[Saved entries]
....

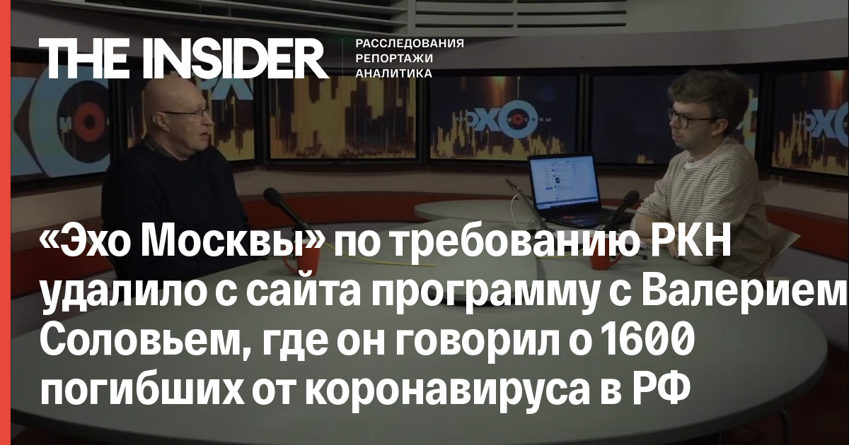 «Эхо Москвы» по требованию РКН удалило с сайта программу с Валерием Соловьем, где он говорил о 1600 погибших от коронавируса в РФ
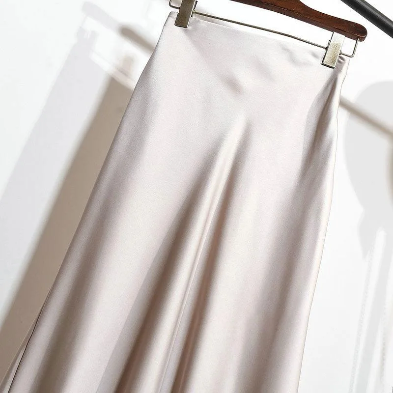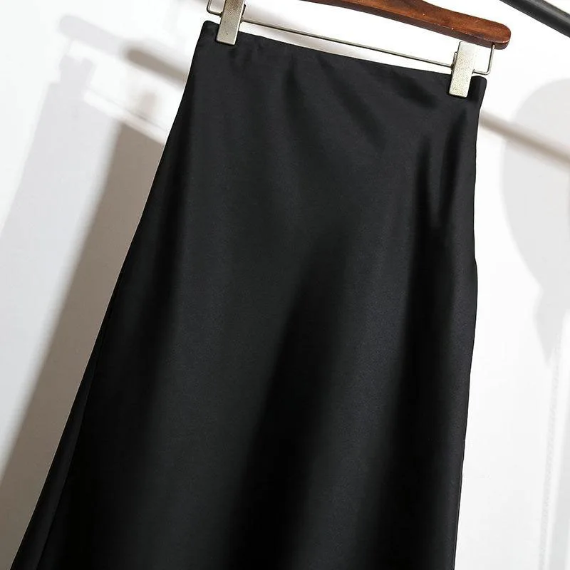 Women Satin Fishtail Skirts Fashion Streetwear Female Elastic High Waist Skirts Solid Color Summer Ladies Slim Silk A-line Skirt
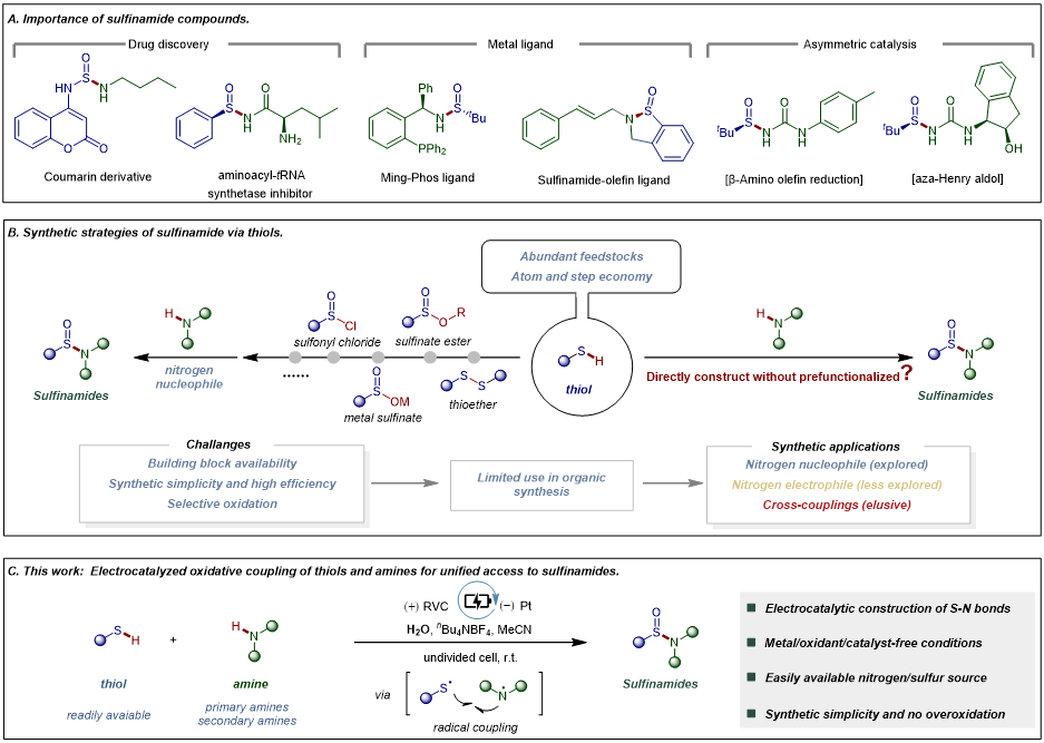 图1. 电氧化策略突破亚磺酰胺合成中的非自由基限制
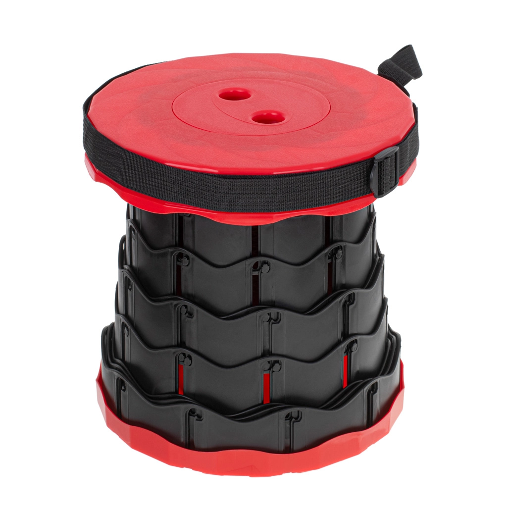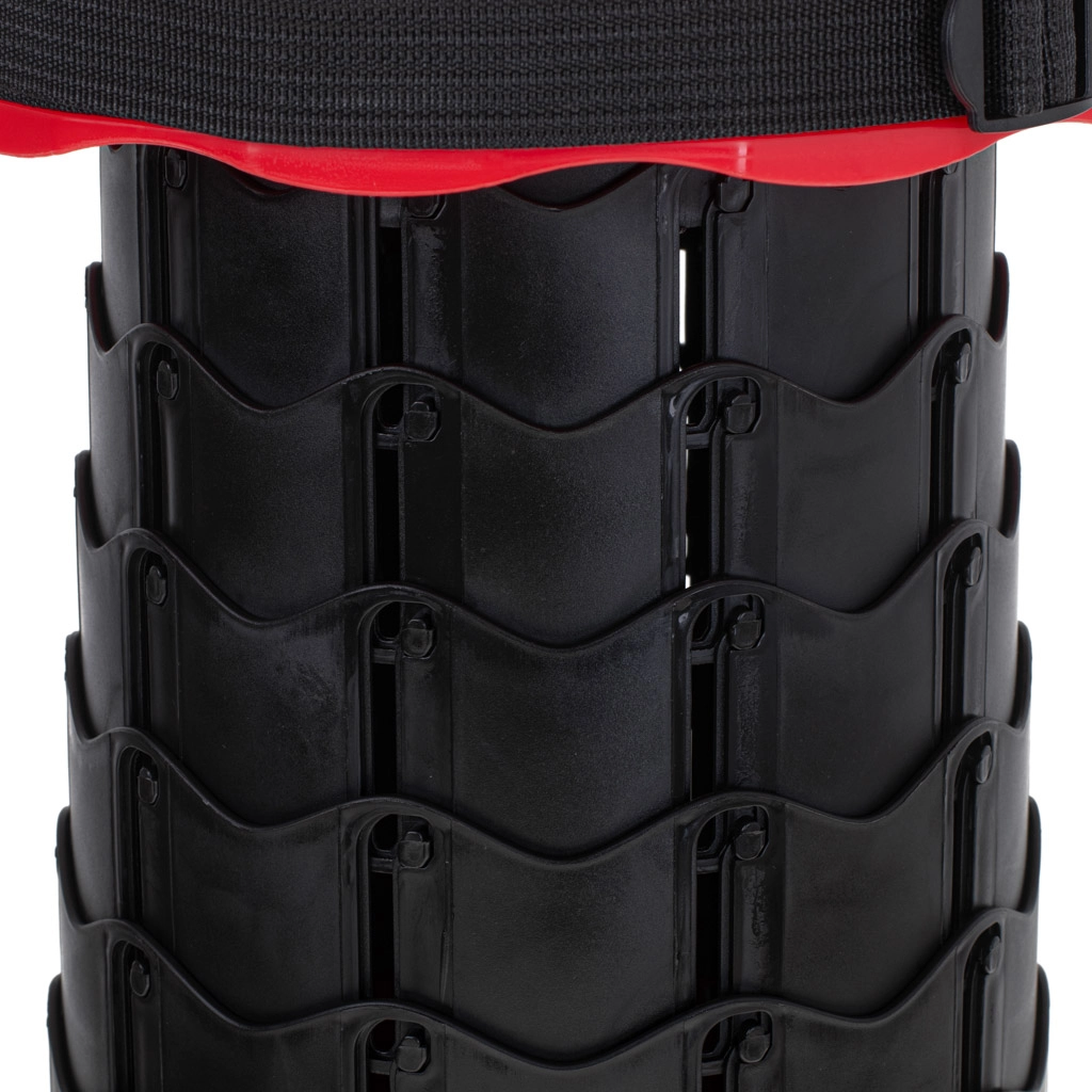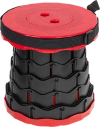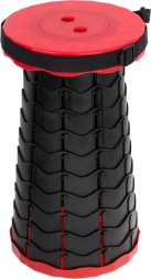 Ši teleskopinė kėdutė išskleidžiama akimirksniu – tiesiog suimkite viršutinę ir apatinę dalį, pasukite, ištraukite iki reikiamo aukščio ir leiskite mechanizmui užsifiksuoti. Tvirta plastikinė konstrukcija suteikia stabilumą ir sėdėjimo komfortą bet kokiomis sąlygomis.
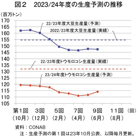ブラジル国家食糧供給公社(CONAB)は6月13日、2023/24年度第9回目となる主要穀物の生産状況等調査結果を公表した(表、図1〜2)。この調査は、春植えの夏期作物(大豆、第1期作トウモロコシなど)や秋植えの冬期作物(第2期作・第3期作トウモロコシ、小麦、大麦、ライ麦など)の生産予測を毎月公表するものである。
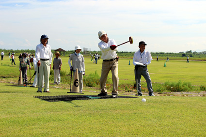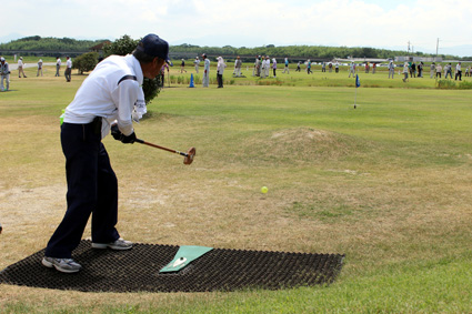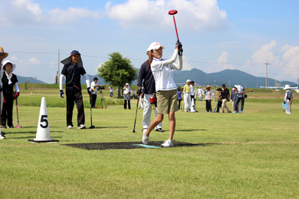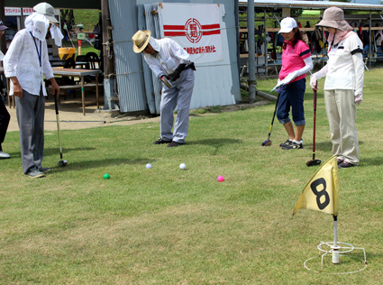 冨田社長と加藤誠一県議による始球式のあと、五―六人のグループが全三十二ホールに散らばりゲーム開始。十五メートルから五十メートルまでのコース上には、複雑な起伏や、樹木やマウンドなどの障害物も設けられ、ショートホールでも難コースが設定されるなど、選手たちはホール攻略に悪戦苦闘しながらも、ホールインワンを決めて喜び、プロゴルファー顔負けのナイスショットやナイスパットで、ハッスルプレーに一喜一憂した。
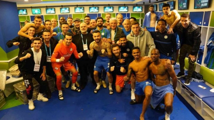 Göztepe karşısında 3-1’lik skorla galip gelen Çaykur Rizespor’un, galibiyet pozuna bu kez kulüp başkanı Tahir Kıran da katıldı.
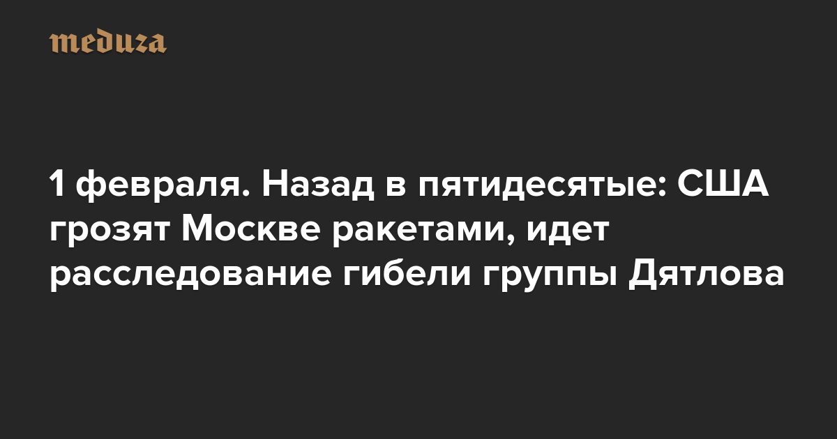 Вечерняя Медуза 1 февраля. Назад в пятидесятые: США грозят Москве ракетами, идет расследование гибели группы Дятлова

....

◆ Exercise: Output each record verbatim and leave out its pictures.

◆ Expected answer:
 «Эхо Москвы» по требованию РКН удалило с сайта программу с Валерием Соловьем, где он говорил о 1600 погибших от коронавируса в РФ
 Women Satin Fishtail Skirts Fashion Streetwear Female Elastic High Waist Skirts Solid Color Summer Ladies Slim Silk A-line Skirt
 图1. 电氧化策略突破亚磺酰胺合成中的非自由基限制
 Ši teleskopinė kėdutė išskleidžiama akimirksniu – tiesiog suimkite viršutinę ir apatinę dalį, pasukite, ištraukite iki reikiamo aukščio ir leiskite mechanizmui užsifiksuoti. Tvirta plastikinė konstrukcija suteikia stabilumą ir sėdėjimo komfortą bet kokiomis sąlygomis.
ブラジル国家食糧供給公社(CONAB)は6月13日、2023/24年度第9回目となる主要穀物の生産状況等調査結果を公表した(表、図1〜2)。この調査は、春植えの夏期作物(大豆、第1期作トウモロコシなど)や秋植えの冬期作物(第2期作・第3期作トウモロコシ、小麦、大麦、ライ麦など)の生産予測を毎月公表するものである。
 冨田社長と加藤誠一県議による始球式のあと、五―六人のグループが全三十二ホールに散らばりゲーム開始。十五メートルから五十メートルまでのコース上には、複雑な起伏や、樹木やマウンドなどの障害物も設けられ、ショートホールでも難コースが設定されるなど、選手たちはホール攻略に悪戦苦闘しながらも、ホールインワンを決めて喜び、プロゴルファー顔負けのナイスショットやナイスパットで、ハッスルプレーに一喜一憂した。
 Göztepe karşısında 3-1’lik skorla galip gelen Çaykur Rizespor’un, galibiyet pozuna bu kez kulüp başkanı Tahir Kıran da katıldı.
 Вечерняя Медуза 1 февраля. Назад в пятидесятые: США грозят Москве ракетами, идет расследование гибели группы Дятлова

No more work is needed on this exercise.